Впрочем, и Фаренсбах мог кое-что вызнать у прежних богомольцев. Недаром замер со своим конём напротив предмостного острога, в сотне шагов от рва, в позе задумчивого завоевателя. На эти деревянные остроги с каменной и земляной засыпкой всего рижского пороха не хватит.
Самое верное — давить огнём и штурмовать Никольскую. Но было здесь одно, совсем уже не военное обстоятельство.

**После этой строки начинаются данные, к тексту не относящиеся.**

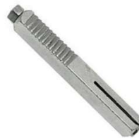
Q8x65 A ESPANSIONE VIG30500206
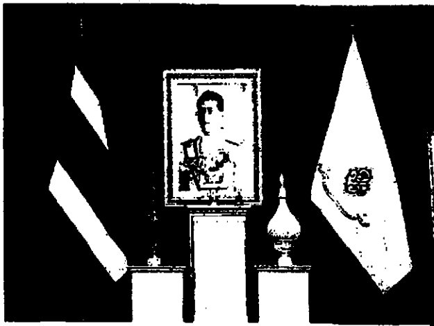
ตัวอย่างการตั้งโต๊ะหมู่ถวายราชสักการะ
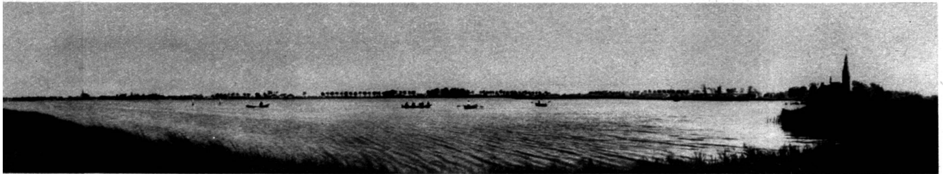
Paysage actuel dans le sud du parc projeté. Le lac naturel « De Poel ».

Крепость принадлежала Богу.
Казалось, не в новинку лютеранам громить монастыри. Почти сто лет религиозных войн, от Реформации в Германии до Фландрии, притупили их уважение к чужим святыням. Но святость места Псково-Печорского монастыря чувствовали и признавали не только православные. Соседи — латыши, ливонские немцы, литва — передавали слухи и предания о непонятных явлениях и странном, иногда зловещем, чаще — благотворном, влиянии на людей, наблюдавшемся в низовьях долины Каменца. Здесь нарушались законы, установленные Богом для этого мира. Из ничего являлось нечто. Ломалась логика поступков, особенно у обладавших властью, чья воля плавает свободно и прихотливо, не ограниченная законом, а потому подверженная слабым влияниям и силам. Собственноручное убийство игумена Корнилия не поддаётся иному объяснению, как действие на царя этих малозаметных бесовских сил... Впрочем, и иных странностей, вовсе уже не объяснимых, в окрестностях обители хватало. Сама же она представляла крепость и средоточие сил светлых, благих, чьё влияние испытывали и богомольцы, и любопытные иноверцы... Коротко говоря, обитель находилась под покровительством или влиянием чего-то или кого-то такого непостижимого, что издавна внушало опасливое почтение всем, без различия вер. Ещё короче: на монастыре лежала Благодать. Благословение свыше.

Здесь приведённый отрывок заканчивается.